→ To do:
Look through the data below for the line with "Полімерний шар, що" and the line with "Florida Gators quarterback", then transcribe exactly from the first through the second, leaving out all pictures.

→ Given information:
═══
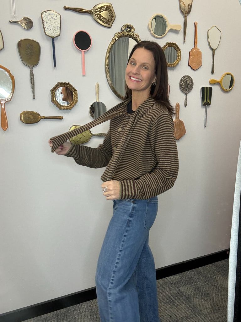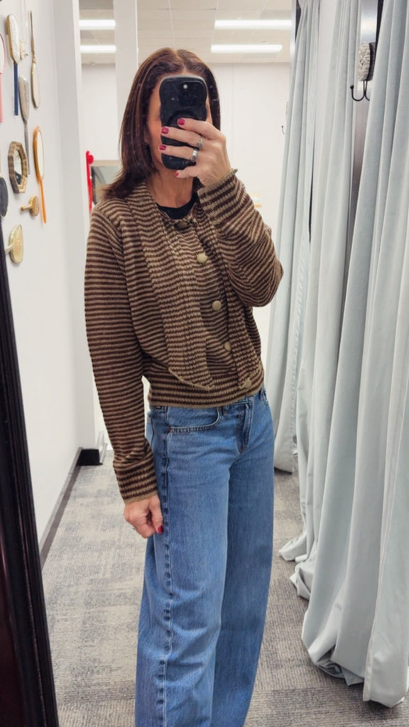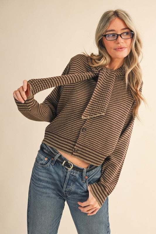 Effortlessly layer this striped cardigan, designed with a relaxed bodice that drapes beautifully without clinging. The attached neck scarf adds instant sophistication and eliminates the need for additional accessories, making it a versatile piece for transitional seasons. Perfect for creating polished, put-together looks with minimal effort.
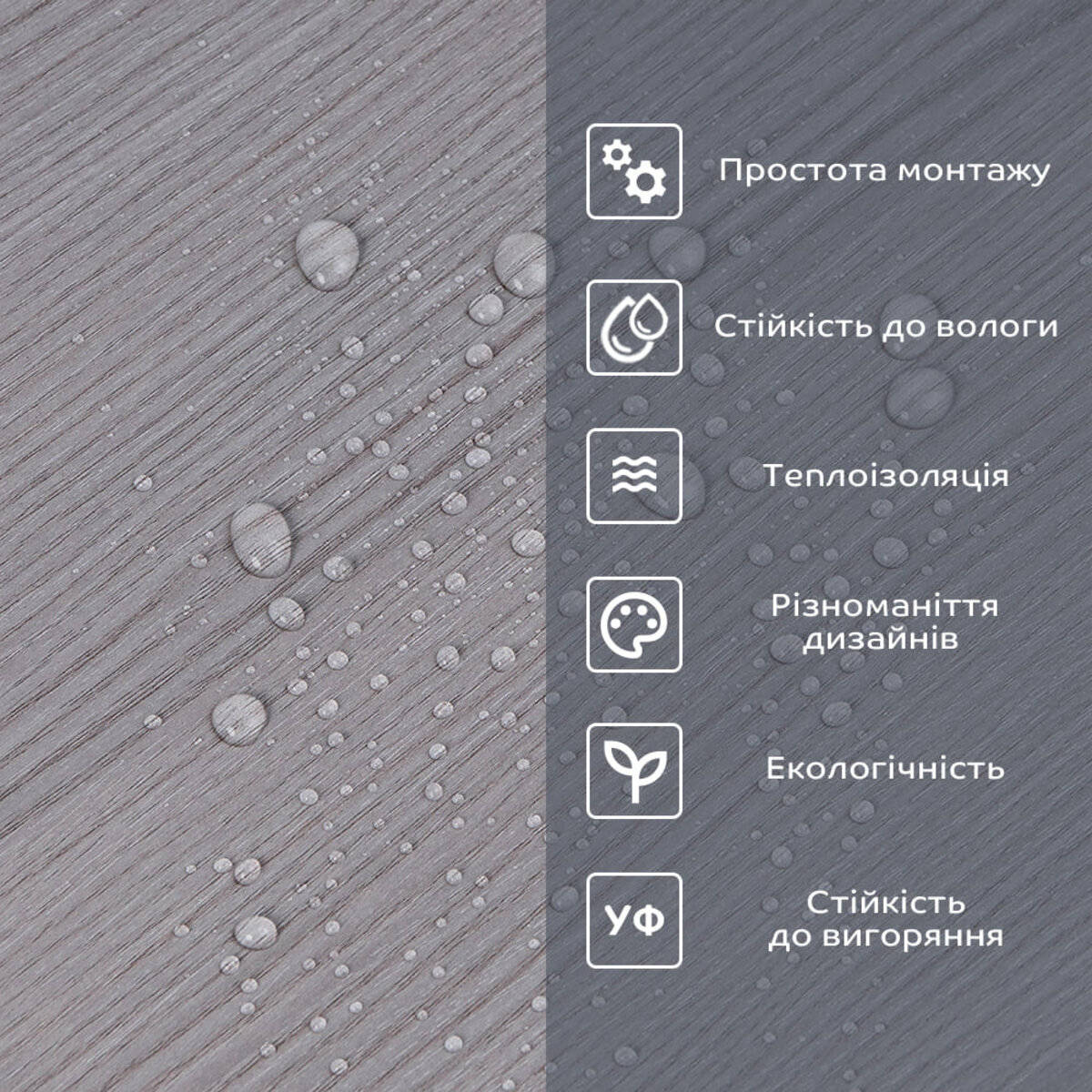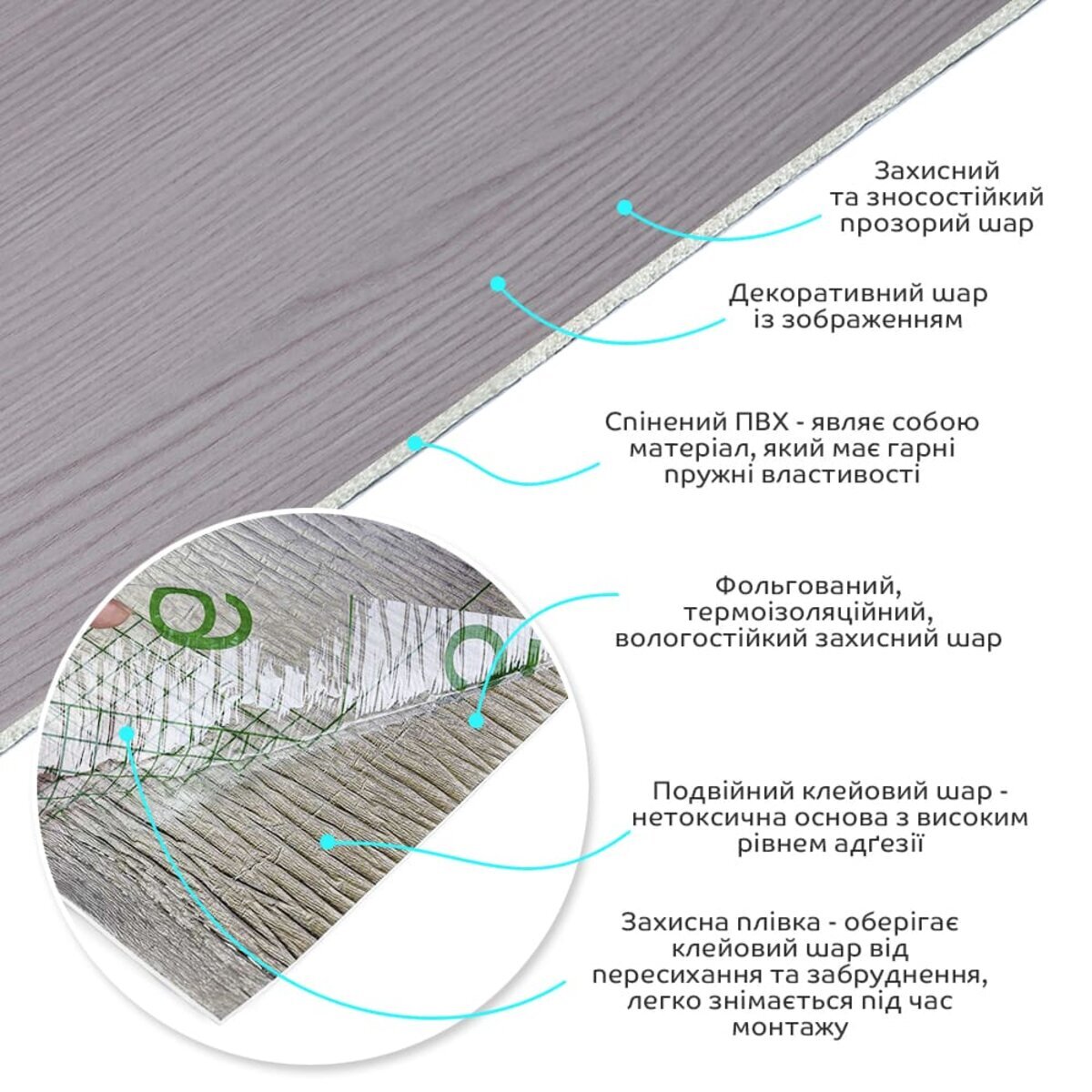 Полімерний шар, що захищає від потертостей та дрібних механічних пошкоджень, забезпечує довговічність використання, а УФ захист допомагає запобігти вигоранню, зберігаючи колір насиченим, за рахунок чого плитка довго має свій первісний естетичний вигляд. Декоративний шар: плівка з кольоровим друком високої роздільної здатності, яка повністю імітує фактуру природних матеріалів завдяки чіткому та детальному зображенню. Основний шар із спіненого полівінілхлориду (ПВХ) – це полімер, що складається з довгих ланцюгів молекул вінілхлориду, в яких містяться атоми хлору, це надає матеріалу стійкість до дії хімічних речовин. ПВХ є аморфним полімером, така особливість будови робить його пружним та ударостійким, а завдяки стабілізаторам та пом'якшувачам, матеріал має малу вагу. Фольгований шар: основна властивість цього шару – відображення теплових хвиль, що дозволяє мінімізувати теплові втрати, тим самим покращити теплоізоляцію приміщення. Клейовий шар: нетоксична основа з високим рівнем адгезії. Захисна плівка – оберігає клейовий шар від пересихання та забруднення, легко знімається під час монтажу. Температурний режим: під впливом високих температур може змінювати форму. У кухонній зоні поруч із джерелами вогню встановлення плитки необхідно проводити на відстані 30-50 см.
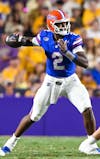 Florida Gators quarterback DJ Lagway (2) throws the ball during a football game between the Louisiana State Tigers and the Florida Gators on Saturday, Sept. 13th, 2025, at Tiger Stadium in Baton Rouge, La.
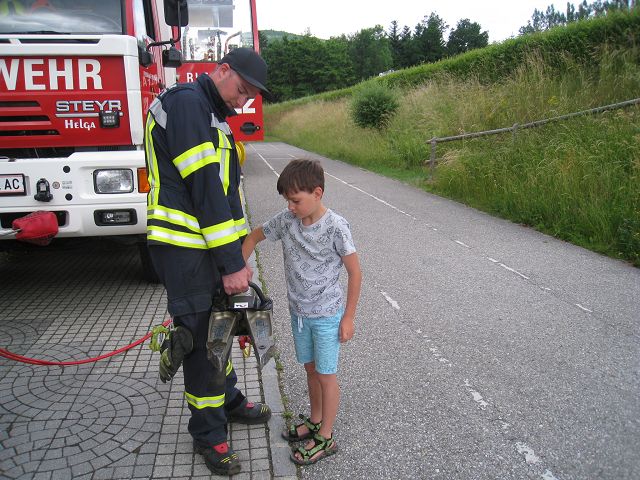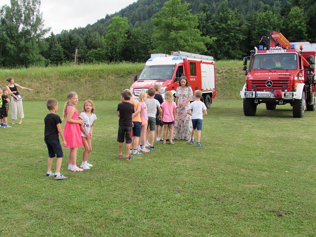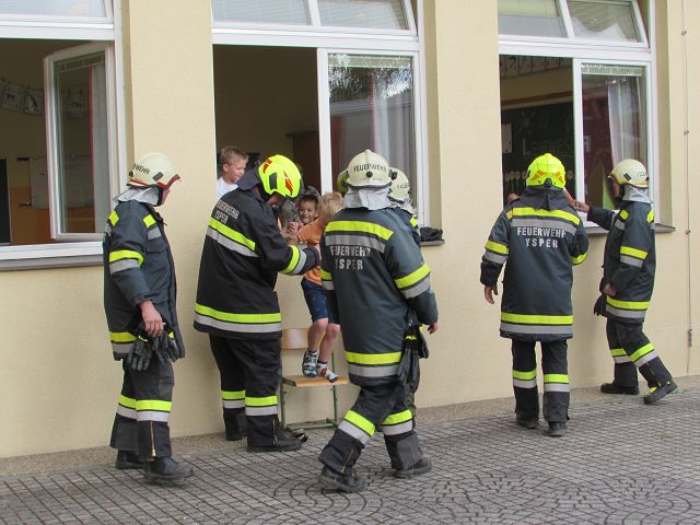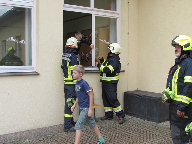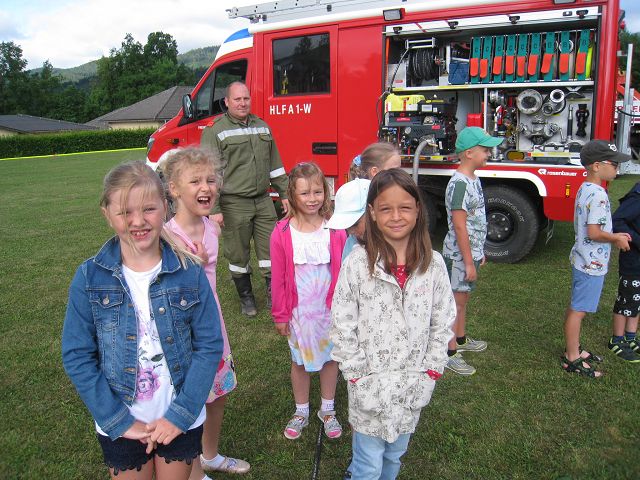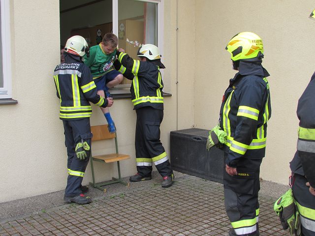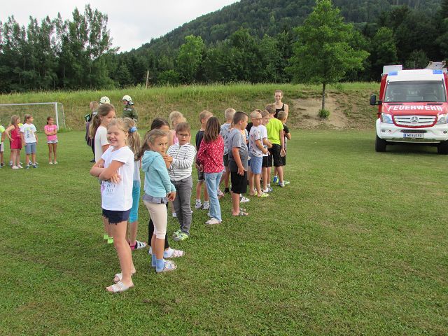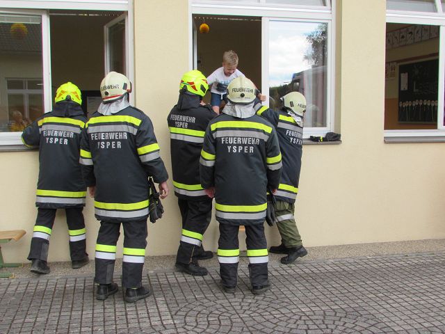 Voriges Jahr hat es wegen Corona nicht geklappt, dieses Jahr aber schon. Unsere 4 Feuerwehren der Gemeinde Yspertal rückten am 25. Juni 2021 mit 28 Mann aus und „räumten“ unser Schulhaus innerhalb von einigen Minuten vollständig. Der „Fluchtweg“ führte Kinder und Lehrkräfte über die Klassenfenster hinaus und sofort marschierten alle zum Treffpunkt auf unserem Sportplatz. Dort warteten auf die Schülerinnen und Schüler viele tolle Attraktionen der Feuerwehr, die für die Kinder im Stationenbetrieb vorbereitet worden sind. Zum Abschluss gab es auch noch für alle eine Fahrt mit dem Feuerwehrauto. Herzlichen Dank an Oberbrandinspektor Martin Mistelbauer für die Organisation dieser gelungenen Feuerwehrübung und an alle Feuerwehrmänner für die Durchführung des Stationenbetriebs.
═══
→ Response to the task:
 Полімерний шар, що захищає від потертостей та дрібних механічних пошкоджень, забезпечує довговічність використання, а УФ захист допомагає запобігти вигоранню, зберігаючи колір насиченим, за рахунок чого плитка довго має свій первісний естетичний вигляд. Декоративний шар: плівка з кольоровим друком високої роздільної здатності, яка повністю імітує фактуру природних матеріалів завдяки чіткому та детальному зображенню. Основний шар із спіненого полівінілхлориду (ПВХ) – це полімер, що складається з довгих ланцюгів молекул вінілхлориду, в яких містяться атоми хлору, це надає матеріалу стійкість до дії хімічних речовин. ПВХ є аморфним полімером, така особливість будови робить його пружним та ударостійким, а завдяки стабілізаторам та пом'якшувачам, матеріал має малу вагу. Фольгований шар: основна властивість цього шару – відображення теплових хвиль, що дозволяє мінімізувати теплові втрати, тим самим покращити теплоізоляцію приміщення. Клейовий шар: нетоксична основа з високим рівнем адгезії. Захисна плівка – оберігає клейовий шар від пересихання та забруднення, легко знімається під час монтажу. Температурний режим: під впливом високих температур може змінювати форму. У кухонній зоні поруч із джерелами вогню встановлення плитки необхідно проводити на відстані 30-50 см.
 Florida Gators quarterback DJ Lagway (2) throws the ball during a football game between the Louisiana State Tigers and the Florida Gators on Saturday, Sept. 13th, 2025, at Tiger Stadium in Baton Rouge, La.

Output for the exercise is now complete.